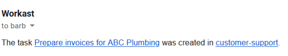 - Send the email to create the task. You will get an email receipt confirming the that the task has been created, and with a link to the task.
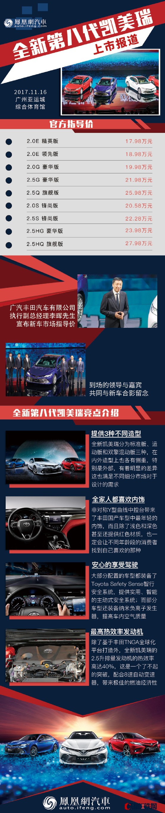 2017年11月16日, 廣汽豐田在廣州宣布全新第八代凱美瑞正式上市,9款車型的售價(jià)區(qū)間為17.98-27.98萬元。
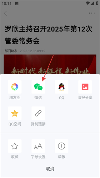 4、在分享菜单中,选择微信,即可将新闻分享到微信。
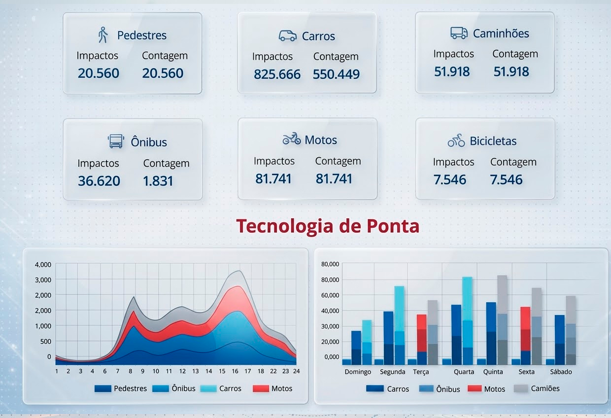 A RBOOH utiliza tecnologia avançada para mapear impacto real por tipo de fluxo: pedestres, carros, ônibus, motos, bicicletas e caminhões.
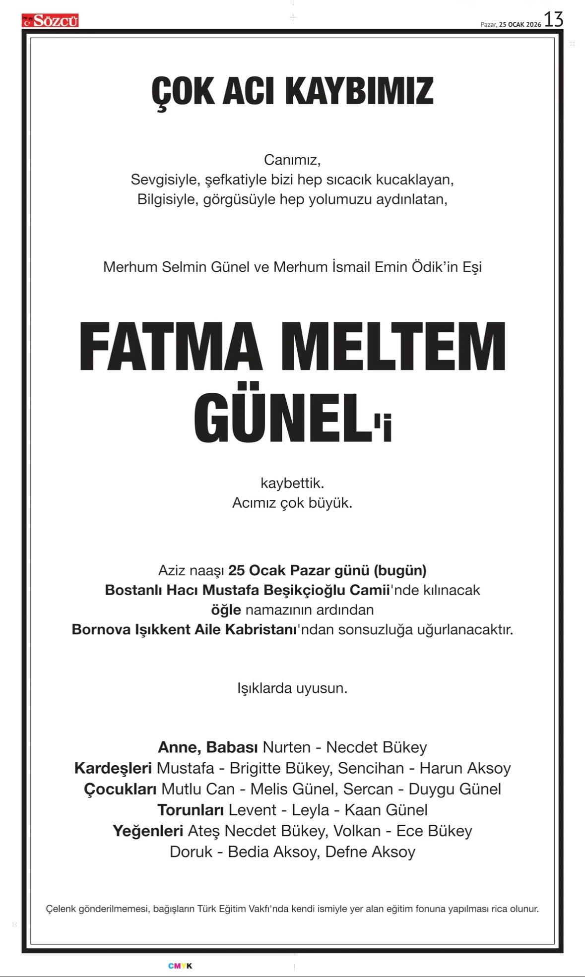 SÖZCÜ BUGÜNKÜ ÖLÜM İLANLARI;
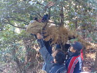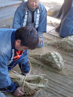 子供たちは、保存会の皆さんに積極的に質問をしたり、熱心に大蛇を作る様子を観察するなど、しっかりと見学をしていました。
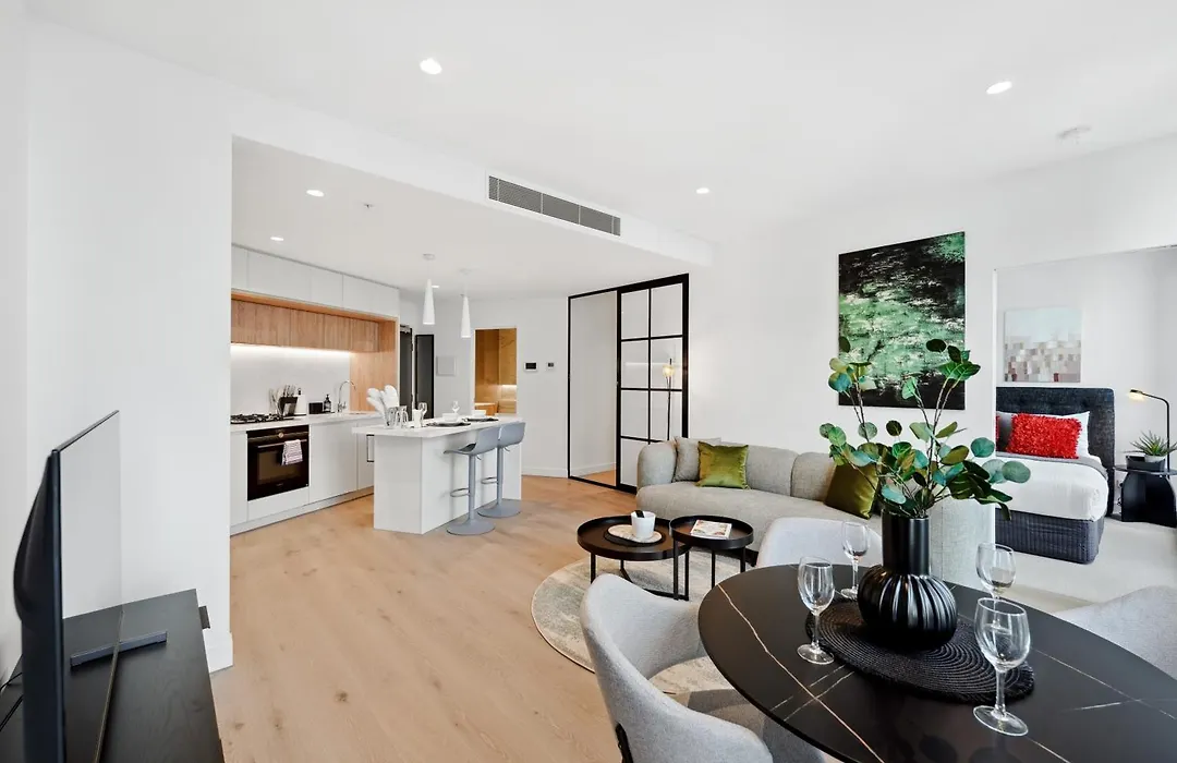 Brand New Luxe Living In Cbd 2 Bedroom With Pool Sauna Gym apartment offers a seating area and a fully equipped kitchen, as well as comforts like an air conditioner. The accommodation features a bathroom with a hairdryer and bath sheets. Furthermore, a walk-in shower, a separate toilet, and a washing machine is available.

...

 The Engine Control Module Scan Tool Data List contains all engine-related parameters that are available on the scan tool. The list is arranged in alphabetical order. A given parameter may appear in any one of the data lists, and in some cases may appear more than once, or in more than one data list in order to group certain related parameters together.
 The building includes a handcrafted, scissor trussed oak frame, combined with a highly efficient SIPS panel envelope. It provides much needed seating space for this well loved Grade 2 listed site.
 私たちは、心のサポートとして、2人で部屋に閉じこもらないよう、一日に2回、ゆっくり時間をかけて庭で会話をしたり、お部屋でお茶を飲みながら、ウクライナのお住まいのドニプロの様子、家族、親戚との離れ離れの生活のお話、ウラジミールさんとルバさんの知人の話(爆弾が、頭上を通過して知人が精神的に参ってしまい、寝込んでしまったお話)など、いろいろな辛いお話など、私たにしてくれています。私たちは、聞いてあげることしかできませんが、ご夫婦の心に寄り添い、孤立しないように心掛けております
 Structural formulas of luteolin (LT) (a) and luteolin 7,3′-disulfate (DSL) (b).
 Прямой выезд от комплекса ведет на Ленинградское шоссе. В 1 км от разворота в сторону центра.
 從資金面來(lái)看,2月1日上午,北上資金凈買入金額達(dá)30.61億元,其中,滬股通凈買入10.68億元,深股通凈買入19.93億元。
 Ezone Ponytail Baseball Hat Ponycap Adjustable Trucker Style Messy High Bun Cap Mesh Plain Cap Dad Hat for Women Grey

* * *

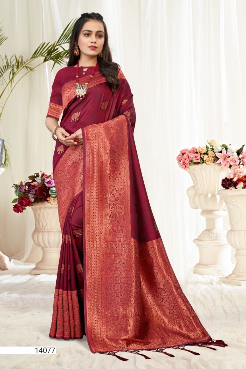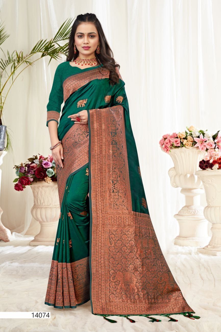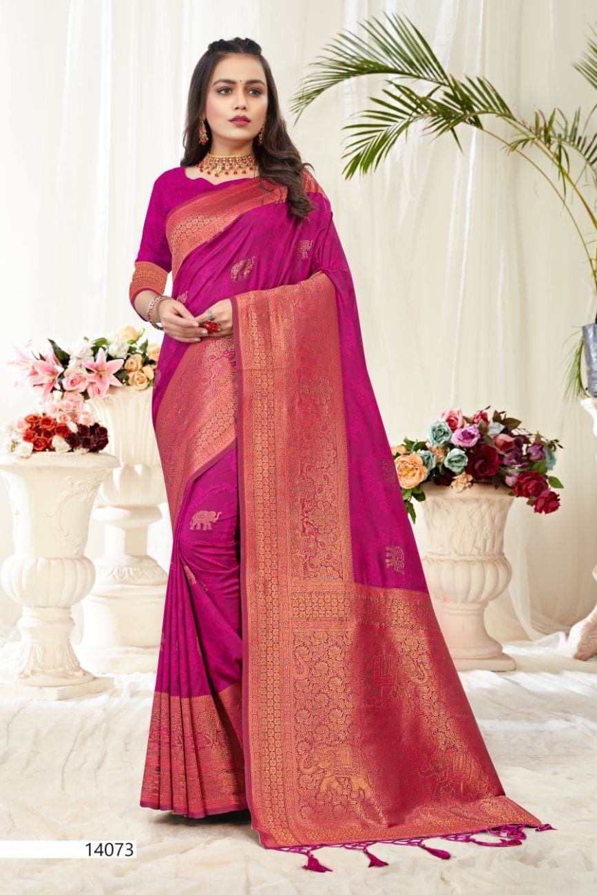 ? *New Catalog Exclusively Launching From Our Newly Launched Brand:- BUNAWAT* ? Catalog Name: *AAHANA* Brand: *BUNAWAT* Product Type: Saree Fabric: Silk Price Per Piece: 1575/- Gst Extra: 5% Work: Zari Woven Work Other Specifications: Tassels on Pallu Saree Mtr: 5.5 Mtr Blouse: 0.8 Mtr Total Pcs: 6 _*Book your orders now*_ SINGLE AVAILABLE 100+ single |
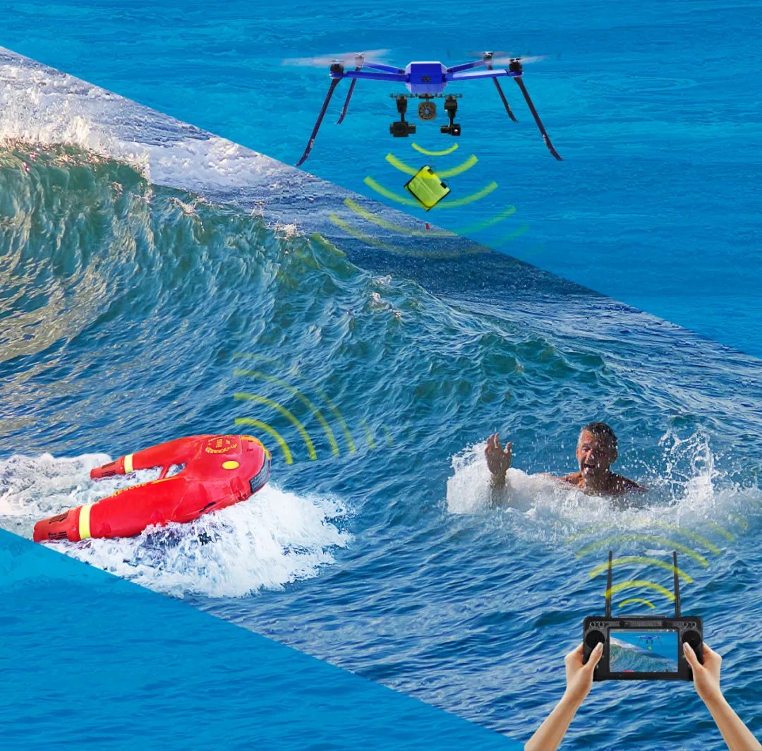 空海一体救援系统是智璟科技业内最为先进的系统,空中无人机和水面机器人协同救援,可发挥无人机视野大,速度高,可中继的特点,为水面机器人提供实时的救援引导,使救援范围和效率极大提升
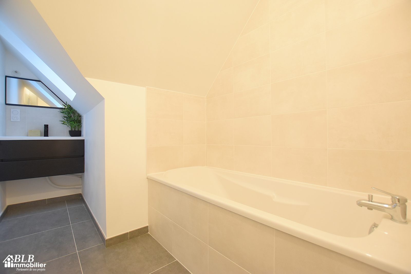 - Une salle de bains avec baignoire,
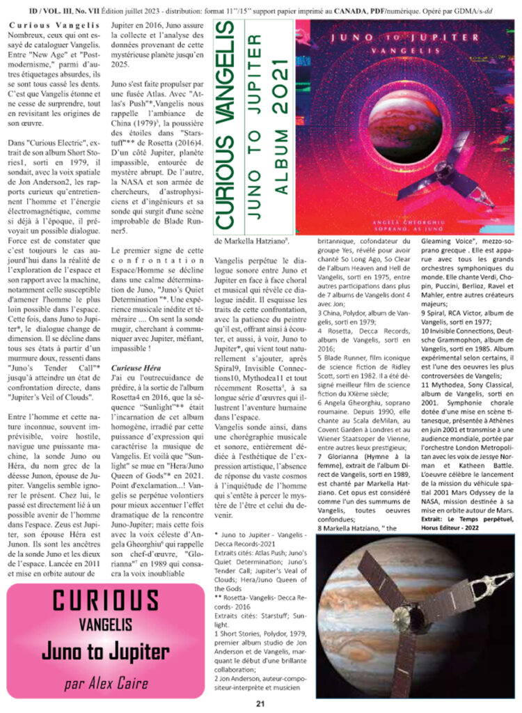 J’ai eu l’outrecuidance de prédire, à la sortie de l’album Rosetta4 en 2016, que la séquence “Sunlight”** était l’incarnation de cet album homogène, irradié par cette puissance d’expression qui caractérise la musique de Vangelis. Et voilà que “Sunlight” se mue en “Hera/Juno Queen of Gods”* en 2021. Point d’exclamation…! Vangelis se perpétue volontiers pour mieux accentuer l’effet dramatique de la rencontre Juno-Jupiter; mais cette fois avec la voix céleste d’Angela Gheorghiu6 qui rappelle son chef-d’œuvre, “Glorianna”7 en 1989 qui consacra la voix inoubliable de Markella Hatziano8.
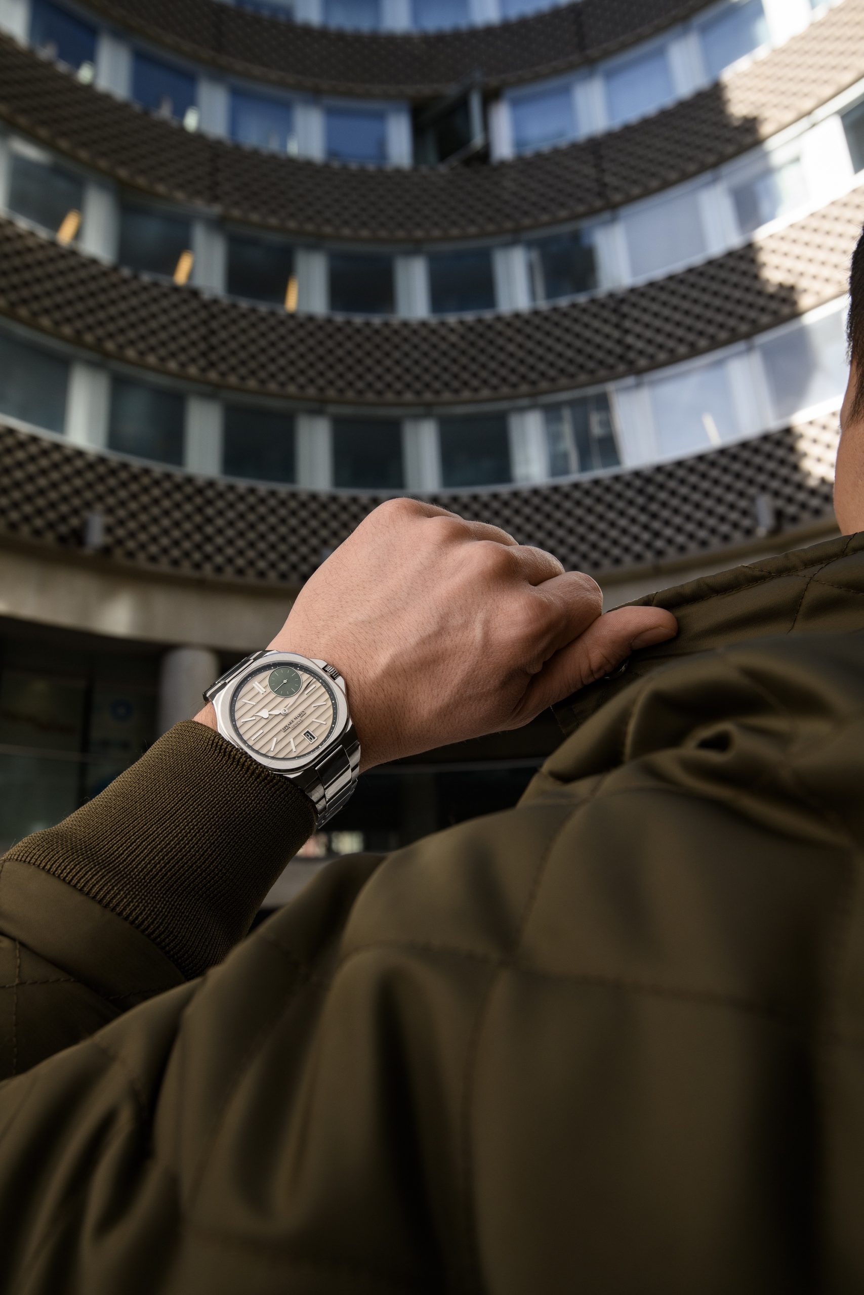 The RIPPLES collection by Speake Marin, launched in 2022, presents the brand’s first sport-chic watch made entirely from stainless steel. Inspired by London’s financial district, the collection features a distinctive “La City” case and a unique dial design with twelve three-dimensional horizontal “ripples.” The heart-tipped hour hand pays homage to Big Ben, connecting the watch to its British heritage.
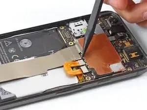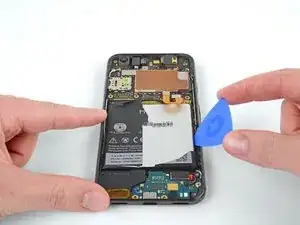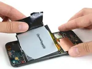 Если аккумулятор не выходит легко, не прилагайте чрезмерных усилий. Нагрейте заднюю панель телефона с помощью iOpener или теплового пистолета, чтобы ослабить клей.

▸ **TASK OBJECTIVE**
Everything from the line with "2017年11月16日, 廣" through the line with "子供たちは、保存会の皆さんに" in the material above should be transcribed exactly, except the pictures.

▸ **SOLUTION TO THE PROBLEM**
 2017年11月16日, 廣汽豐田在廣州宣布全新第八代凱美瑞正式上市,9款車型的售價(jià)區(qū)間為17.98-27.98萬元。
 4、在分享菜单中,选择微信,即可将新闻分享到微信。
 A RBOOH utiliza tecnologia avançada para mapear impacto real por tipo de fluxo: pedestres, carros, ônibus, motos, bicicletas e caminhões.
 SÖZCÜ BUGÜNKÜ ÖLÜM İLANLARI;
 子供たちは、保存会の皆さんに積極的に質問をしたり、熱心に大蛇を作る様子を観察するなど、しっかりと見学をしていました。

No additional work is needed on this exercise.